◆ Problem requirements
Give again, exactly as written, the lines of the records below from the line with "Sedia ergonomica per l’ufficio assicura" to the line with "Dalam sambutannya, Kepala". Both end lines count; pictures do not.

◆ Supplied data
- Opening Delimiter -
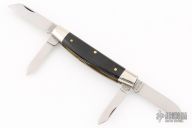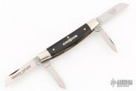 This slipjoint from Great Eastern Cutlery features four polished blades with nail nicks. The handle has nickel silver bolsters and black micarta covers with nickel silver escutcheon, brass liners and steel backsprings. Includes original packaging and COA.  Excellent Condition.
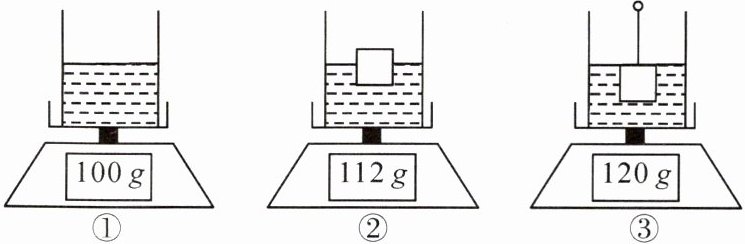 4.(2024·安庆阶段练习)学习了浮力知识后,小明利用电子秤来测量小木块的密度:①在称盘中放置装有水的烧杯;②将小木块轻轻放入装水的烧杯中;③用细针压住小木块,使其恰好浸没在水中。实验中水均未溢出,电子秤对应的示数如图所示,小木块的密度是______$g/cm^{3}$。
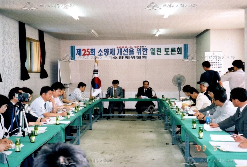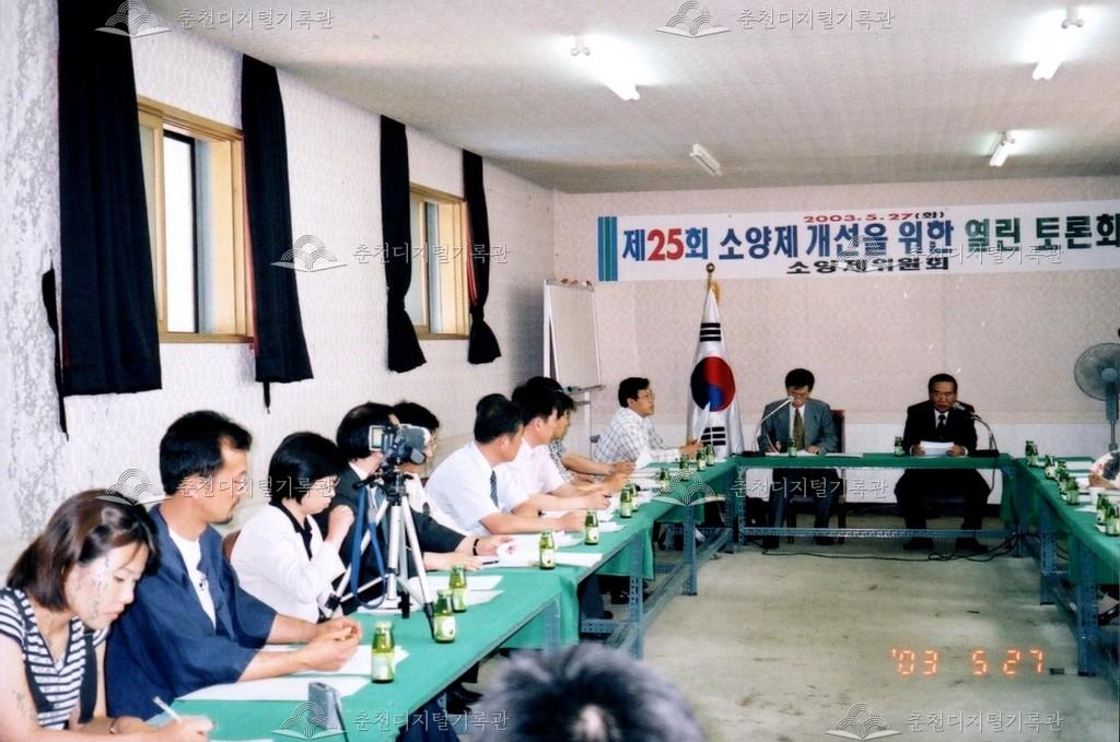 제25회 소양제 개선을 위한 열린 토론회 사진 등록번호 00002588 생산일자 2003.05.27 생산지역 춘천시 옥천동 생산자 춘천문화원 수집처 춘천문화원 소장자 춘천학연구소 내용 제25회 소양제 개선을 위한 열린 토론회의 사진이다. 소양제 위원회의 주최로 진행되었다. 해당 토론회에서 소양제의 명칭이 소양강문화제로 변경되었다. 자세히 보기 닫기 사용안내 비상업적 이용만 가능|©춘천디지털기록관 상업적 사용·수정·재배포는 저작권자 동의 필요 다운로드 목록보기
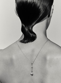 This 18K gold drop necklace features signature links and ends with sliding moonstone and smoky quartz stones. The lower gold dome is accented by a border of pavé-set diamonds, this design is where aesthetics meet engineering.
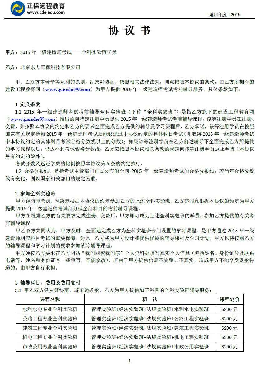 一級建造師“全科實(shí)驗(yàn)班”協(xié)議書
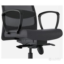 Sedia ergonomica per l’ufficio assicura comfort e concentrazione grazie a funzioni come il meccanismo di inclinazione regolabile manualmente, il poggiatesta e i braccioli, che aiutano a rilassare i muscoli di collo e schiena. - Il materiale a rete dello schienale favorisce l'aerazione. - La fodera per sedia è realizzata con il tessuto in poliestere Vissle tinto in massa. Si tratta di un materiale resistente, con una trama liscia e un piacevole effetto cangiante. Questa sedia ergonomica per l’ufficio ha tante funzioni che le permettono di adattarsi facilmente al tuo corpo: - Supporto lombare: facilita il mantenimento di una corretta posizione e riduce la tensione sulla parte inferiore della schiena. - Braccioli: supportano gli avambracci e riducono le tensioni su schiena e spalle. - Meccanismo d'inclinazione manuale: per regolare la resistenza dello schienale. - Meccanismo d'inclinazione sincronizzato: si muove con te quando fai pressione all'indietro per liberare i fianchi e il torso e migliorare la circolazione e l'energia. - Blocco dell'inclinazione (3 posizioni): blocca l'inclinazione della sedia in posizioni diverse per migliorare stabilità e supporto. - Altezza del sedile regolabile: facilita il mantenimento di una corretta posizione e riduce la tensione sulla parte inferiore della schiena. Altezza del sedile regolabile. Tensione di inclinazione manuale. Meccanismo di inclinazione. Meccanismo di inclinazione sincronizzato. Blocco del meccanismo di inclinazione. Supporto lombare. Valore nuova in negozio 159,00 €. Ritiro a esclusiva cura e spese dell'acquirente (NON incluso nel prezzo).
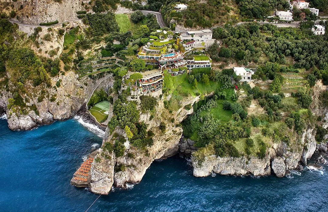 Il San Pietro Di Positano, a 5-star luxury hotel with a 9.7/10 rating on Booking.com, offers exquisite accommodations, fine dining, and panoramic sea views. It features a private beach, tennis court, swimming pool, and an organic garden utilized in its Michelin-starred cuisine.
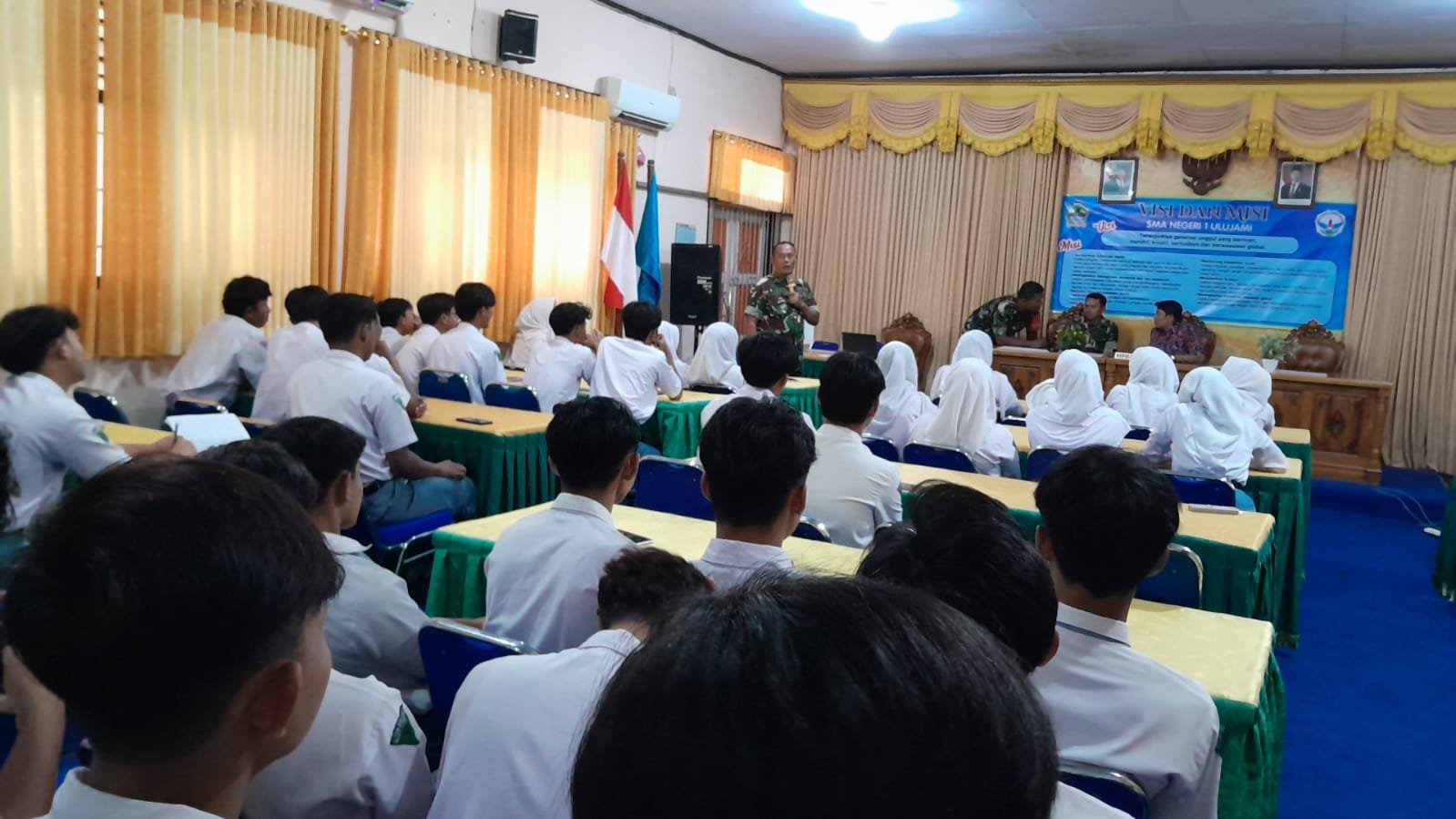 Dalam sambutannya, Kepala SMA Negeri 1 Ulujami Cahyono, S.Pd., M.Si. menyampaikan apresiasi dan ucapan terima kasih kepada Danramil 05/Ulujami beserta jajaran atas kehadirannya dalam rangka memberikan sosialisasi penerimaan prajurit TNI AD. Ia berharap kegiatan tersebut dapat memberikan manfaat positif bagi para siswa, khususnya dalam meningkatkan kedisiplinan, motivasi belajar, serta menumbuhkan rasa cinta tanah air dan semangat bela negara.
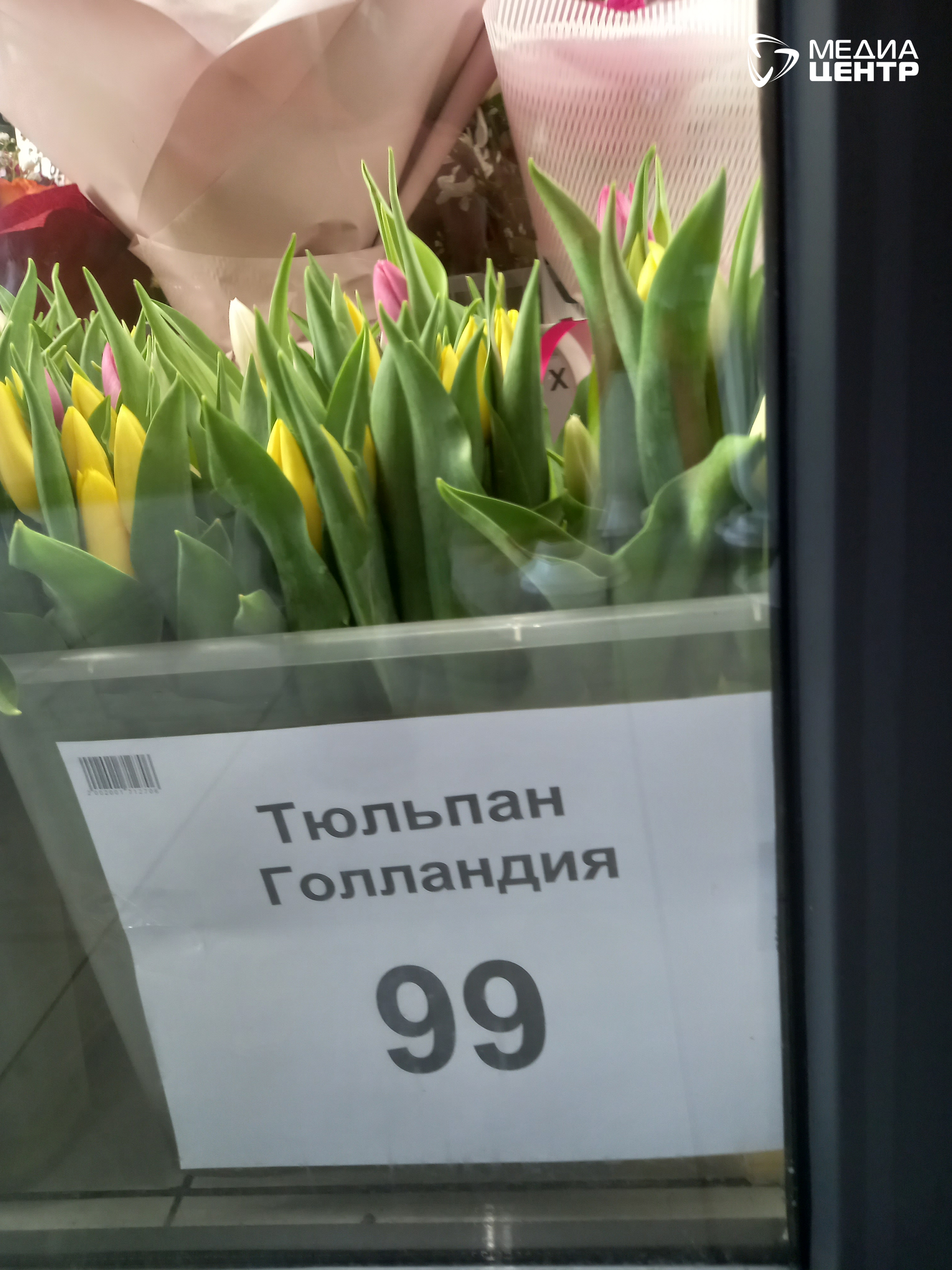 Заходим в ТЦ «Макси» на улице Сталеваров. В шкафу-холодильнике только тюльпаны — желтые, сиреневые, малиновые. Монобукет: 5 штук — 399,9 рубля, 15 штук — 1199 рублей, 25 штук — 1999 рублей. Считаем — один тюльпан стоит 80 рублей. Спросили у сотрудника торгового центра, откуда тюльпаны. Тоншаловские, ответили нам.
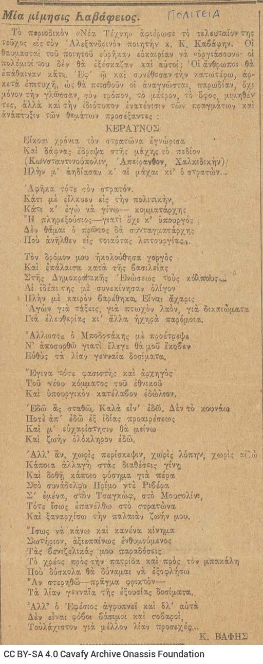 Το 1925, δημοσιεύεται στην αθηναϊκή εφημερίδα Πολιτεία η παρωδία με τον τίτλο «Κεραυνός», μαζί με σχετικό σημείωμα, το οποίο φέρει τον τίτλο «Μία μίμησης Καβάφειος». Η υπογραφή Κ. Βάφης συμπληρώνει τη χιουμοριστική προσέγγιση στο καβαφικό έργο. Στην περίπτωση αυτή, το απόκομμα της δημοσίευσης σώζεται στο αρχείο Καβάφη. Πρόκειται για το τεκμήριο GR-OF CA CA-SF02-S02-F25-SF007-0055 (1349), https://cavafy.onassis.org/el/object/uu-18/.
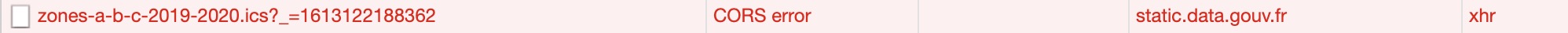Blocage d’une requête multiorigines (Cross-Origin Request) : la politique « Same Origin » ne permet pas de consulter la ressource distante située sur https://static.data.gouv.fr/resources/le-calendrier-scolaire-format-ical/202.... Raison : l’en-tête « x-requested-with » n’est pas autorisé d’après l’en-tête « Access-Control-Allow-Headers » de la réponse de pré-vérification des requêtes CORS.
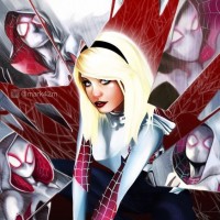 Gwen Stacy, a fictional superheroine from the Marvel Comics universe. She is portrayed in her Spider-Woman persona with
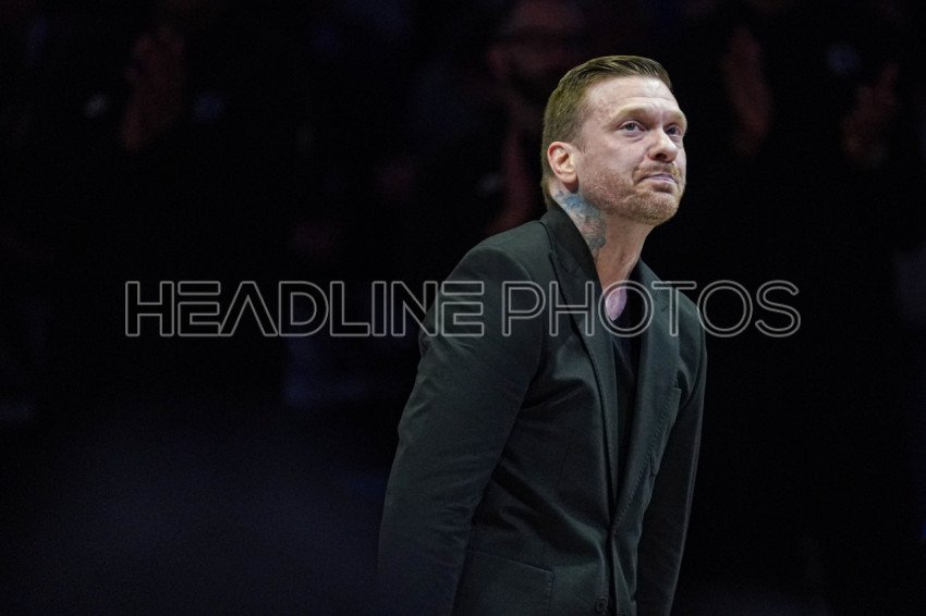 Orlando, Florida, USA, February 13, 2024, Brent Smith sings the National anthem before the Oklahoma Thunder vs the Orlando Magic game at the Kia Center. (Photo Credit: Marty Jean-Louis)
- Closing Delimiter -
◆ Final answer
 Sedia ergonomica per l’ufficio assicura comfort e concentrazione grazie a funzioni come il meccanismo di inclinazione regolabile manualmente, il poggiatesta e i braccioli, che aiutano a rilassare i muscoli di collo e schiena. - Il materiale a rete dello schienale favorisce l'aerazione. - La fodera per sedia è realizzata con il tessuto in poliestere Vissle tinto in massa. Si tratta di un materiale resistente, con una trama liscia e un piacevole effetto cangiante. Questa sedia ergonomica per l’ufficio ha tante funzioni che le permettono di adattarsi facilmente al tuo corpo: - Supporto lombare: facilita il mantenimento di una corretta posizione e riduce la tensione sulla parte inferiore della schiena. - Braccioli: supportano gli avambracci e riducono le tensioni su schiena e spalle. - Meccanismo d'inclinazione manuale: per regolare la resistenza dello schienale. - Meccanismo d'inclinazione sincronizzato: si muove con te quando fai pressione all'indietro per liberare i fianchi e il torso e migliorare la circolazione e l'energia. - Blocco dell'inclinazione (3 posizioni): blocca l'inclinazione della sedia in posizioni diverse per migliorare stabilità e supporto. - Altezza del sedile regolabile: facilita il mantenimento di una corretta posizione e riduce la tensione sulla parte inferiore della schiena. Altezza del sedile regolabile. Tensione di inclinazione manuale. Meccanismo di inclinazione. Meccanismo di inclinazione sincronizzato. Blocco del meccanismo di inclinazione. Supporto lombare. Valore nuova in negozio 159,00 €. Ritiro a esclusiva cura e spese dell'acquirente (NON incluso nel prezzo).
 Il San Pietro Di Positano, a 5-star luxury hotel with a 9.7/10 rating on Booking.com, offers exquisite accommodations, fine dining, and panoramic sea views. It features a private beach, tennis court, swimming pool, and an organic garden utilized in its Michelin-starred cuisine.
 Dalam sambutannya, Kepala SMA Negeri 1 Ulujami Cahyono, S.Pd., M.Si. menyampaikan apresiasi dan ucapan terima kasih kepada Danramil 05/Ulujami beserta jajaran atas kehadirannya dalam rangka memberikan sosialisasi penerimaan prajurit TNI AD. Ia berharap kegiatan tersebut dapat memberikan manfaat positif bagi para siswa, khususnya dalam meningkatkan kedisiplinan, motivasi belajar, serta menumbuhkan rasa cinta tanah air dan semangat bela negara.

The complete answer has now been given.